High-performance computing facilities provide the hardware needed to analyze and model the world around us. Holding the world’s largest super-computer title is an international competition. Currently, Japan holds the largest super-computer followed by the Summit machine at Oak Ridge National Lab. These computers have millions of processing cores and accelerated hardware, using an insane amount of energy. Scientists use these machines to ask questions about the world. In my areas of interest, climate, weather, and remote sensing, large computing facilities enables us to improve the accuracy of our predictions. With improved accuracy, scientists are able to study the environment in finer and finer detail. However, more detail and complexity then opens up more questions.
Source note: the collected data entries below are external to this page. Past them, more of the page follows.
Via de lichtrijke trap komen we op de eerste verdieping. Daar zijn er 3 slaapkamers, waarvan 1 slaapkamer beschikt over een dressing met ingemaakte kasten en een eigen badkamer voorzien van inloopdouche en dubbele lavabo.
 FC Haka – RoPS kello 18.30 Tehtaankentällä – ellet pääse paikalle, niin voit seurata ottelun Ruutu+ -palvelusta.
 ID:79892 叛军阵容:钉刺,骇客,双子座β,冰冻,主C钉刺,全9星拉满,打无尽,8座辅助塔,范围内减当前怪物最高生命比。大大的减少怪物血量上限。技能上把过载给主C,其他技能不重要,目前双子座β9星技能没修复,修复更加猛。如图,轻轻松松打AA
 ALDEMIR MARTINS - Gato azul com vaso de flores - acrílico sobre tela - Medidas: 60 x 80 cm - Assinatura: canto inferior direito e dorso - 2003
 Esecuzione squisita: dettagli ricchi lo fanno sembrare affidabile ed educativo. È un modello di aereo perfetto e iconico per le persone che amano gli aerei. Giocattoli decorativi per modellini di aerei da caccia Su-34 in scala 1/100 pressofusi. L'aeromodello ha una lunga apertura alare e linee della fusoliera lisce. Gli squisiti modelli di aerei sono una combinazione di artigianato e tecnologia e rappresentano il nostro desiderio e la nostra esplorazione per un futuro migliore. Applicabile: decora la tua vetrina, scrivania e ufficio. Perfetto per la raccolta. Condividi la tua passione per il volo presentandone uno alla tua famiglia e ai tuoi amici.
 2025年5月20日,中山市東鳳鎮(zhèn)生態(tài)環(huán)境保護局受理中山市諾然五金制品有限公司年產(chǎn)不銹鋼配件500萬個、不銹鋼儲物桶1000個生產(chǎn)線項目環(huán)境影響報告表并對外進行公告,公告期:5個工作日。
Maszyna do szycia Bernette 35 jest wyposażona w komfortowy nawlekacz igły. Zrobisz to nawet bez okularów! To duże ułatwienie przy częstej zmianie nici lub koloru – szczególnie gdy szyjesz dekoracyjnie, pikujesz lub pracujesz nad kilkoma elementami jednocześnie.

Today, deep learning (DL) is the new tool that is invading many areas of science. DL is an area of Artificial Intelligence (AI) research that uses patterns to find interesting representations of data. These models have been found to generate highly accurate mappings between domains, providing solutions to a number of tasks. Siri and Alexa are good examples of this, which use DL for speech detection. Google photos using DL to recognize people across your albums. This technology is becoming pervasive. Data availability continues to grow, opening up more and more opportunities for DL applications.
The question becomes, how should scientists use DL? Should we expect AI to generate insight for us or is that too ambitious? In scientific research we ask a question, test the hypothesis, analyze the data, and report results, with a continuous feedback loop. So, DL methodologies used to test the hypothesis will generate data to be analyzed. If the analysis validates the hypothesis, did the DL model help improve results? If so, does improving our model help in future hypothesis testing? Are there anomalies in the outputs which cannot be explained? Is this an insight humans are yet to understand? How do we know if it is an insight?
This blog is going to focus on the intersection of artificial intelligence, science, and environmental technologies. I research deep learning applications to climate science and remote sensing.